For the first time since last March, all Apple Stores in the U.S. are open for business. It’s a sign of growing confidence that the coronavirus (COVID-19) pandemic is fading in the rearview mirror.
Apple has confirmed that all 270 stores are open daily in some capacity, either for appointment shopping or for curbside pickup. Houston-area stores were the last to reopen on Monday.
All Apple stores closed in mid-March 2020 as the pandemic began to reach critical mass in the U.S. Apple had some experience on the subject since it closed all of its stores in China in the middle of February 2020.
Over the last 12 months, Apple has mostly followed local COVID-19 guidelines, closing stores when local officials imposed restrictions on businesses and mandated other mitigation measures.
Apple stores in the U.S. remained closed throughout April of last year but slowly began to reopen in early May. It closed stores again when cases began to spike in the fall.
Employees served customers from home
As the virus began to sweep across the country last year, Apple launched a unique program in which it closed physical locations and asked employees to work from home.

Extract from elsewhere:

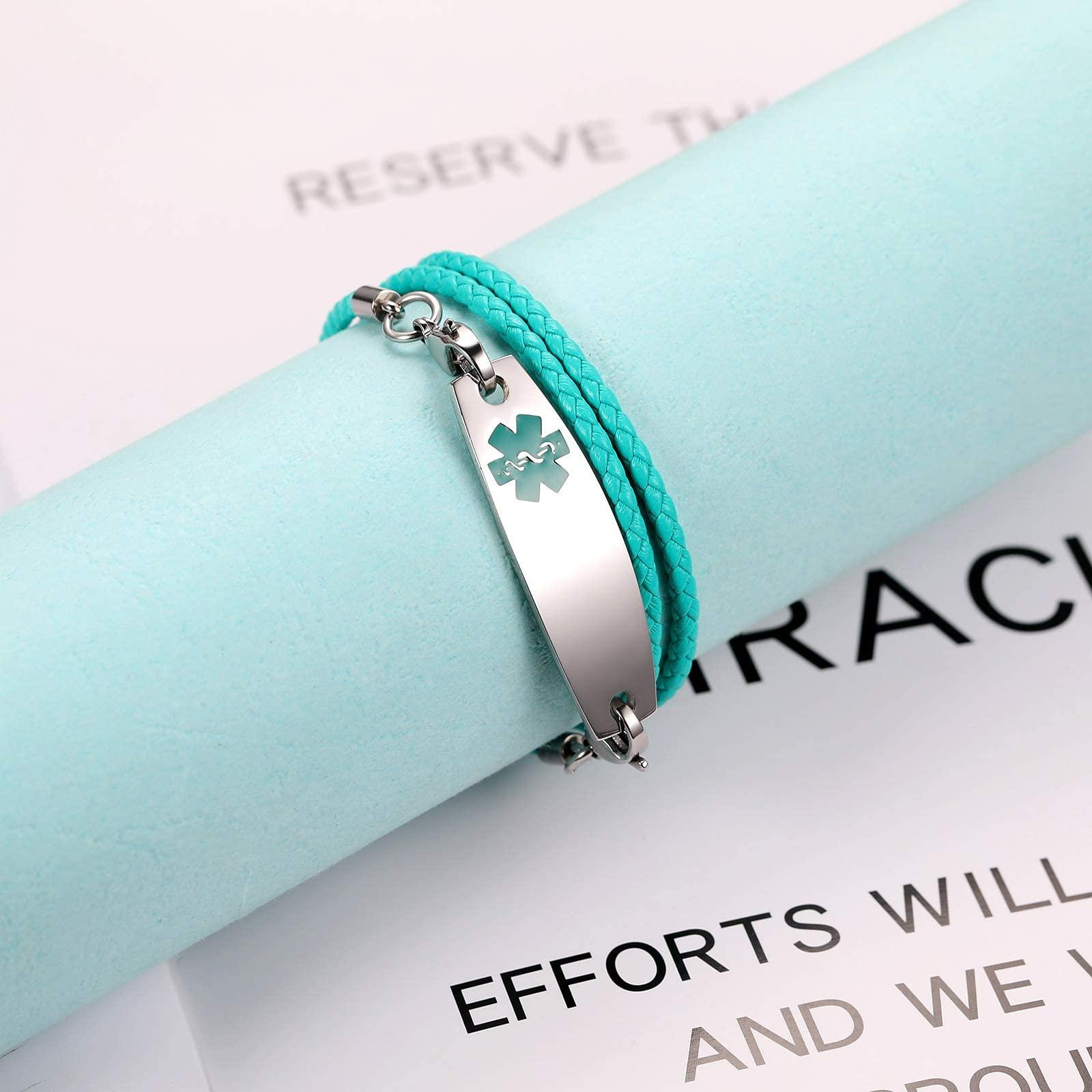 MOWOM Medical : Meilleurs 10 produits de bijoux marque Pourquoi acheter chez nous? Gravure au laser gratuite de première qualité: lettrage en gras et contrasté Comprend une carte médicale d'urgence gratuite avec pochette Comprend un coffret cadeau de qualité supérieure Carte médicale d'urgence La carte médicale d'urgence dispose de plusieurs salles pour les informations personnelles, les conditions médicales, les médicaments, les contacts d'urgence et les allergies. Comment personnaliser Cliquez sur le bouton jaune à droite 'Personnaliser maintenant' Remplissez vos informations de gravure exactement comme 'votre nom, toutes les conditions que vous pouvez avoir, allergies médicamenteuses et alimentaires, médicaments que vous prenez, vos contacts en cas d'urgence (ICE)', etc. ★ SAUVEZ DES VIES EN CAS D'URGENCE - Les personnes atteintes des conditions suivantes doivent porter un bijou d'identification médicale: diabète, épilepsie, autisme, allergies, coumadine, waffarine, cardiopathie, stimulateur cardiaque, asthme, copd, accident vasculaire cérébral, cancer, sclérose en plaques, maladie pulmonaire de dialyse , ajouter / adhd, la maladie d'Alzheimer, l'hypertension artérielle, les enfants ayant des besoins spéciaux, etc. MOWOM Medical Custom Gravé Silicone Réglable Sport Nom Id Identification 143875 Le porte-carte est étanche à l'usure et à la corrosion qui protège efficacement votre carte. ★ SPÉCIFICATIONS DU PRODUIT: MATÉRIAU - Silicone et acier inoxydable 316L, résistant à la corrosion, résistant aux allergies aux métaux / latex, résistant aux températures élevées, imperméable à l'eau, confortable à porter, adapté à un usage quotidien, en plein air ou au sport. Il aide à sauver des vies et offre une tranquillité d'esprit inestimable en indiquant aux premiers intervenants la meilleure façon de prendre soin de vous en cas d'urgence. Ce n'est que le format de carte de crédit après pliage qui peut être facilement mis dans votre portefeuille. une urgence leur permettant de vous soigner rapidement et en toute sécurité. Achetez MOWOM Medical Custom Gravé Silicone Réglable Sport Nom ID Identification Alerte Bracelet Médical pour Hommes Femmes Enfants en Acier Inoxydable... (Taille de la carte de crédit après avoir plié) La carte porte un logo bleu 'Étoile de la vie' facilement reconnaissable par les intervenants médicaux.

“If your store is closed, please sign up for Retail at Home,” Deirdre O’Brien, Apple’s senior vice president of retail and people told staffers in July. “Please talk to your manager, because we really need to make sure that we shift our teams to greet our customers remotely in this time. We may need to be working remotely for some period of time.”
The industry site 9to5 Mac reports Apple stores have had a rough 12 months. With the on-again, off-again store openings 2020 also subjected the stores to looting and vandalism during urban unrest, an intense heatwave and wildfire smoke in many parts of California, and a need for extra security protection on Election Day and Inauguration Day.
The latest setback was the frigid winter storm that socked Texas last month, delaying store reopenings in several cities.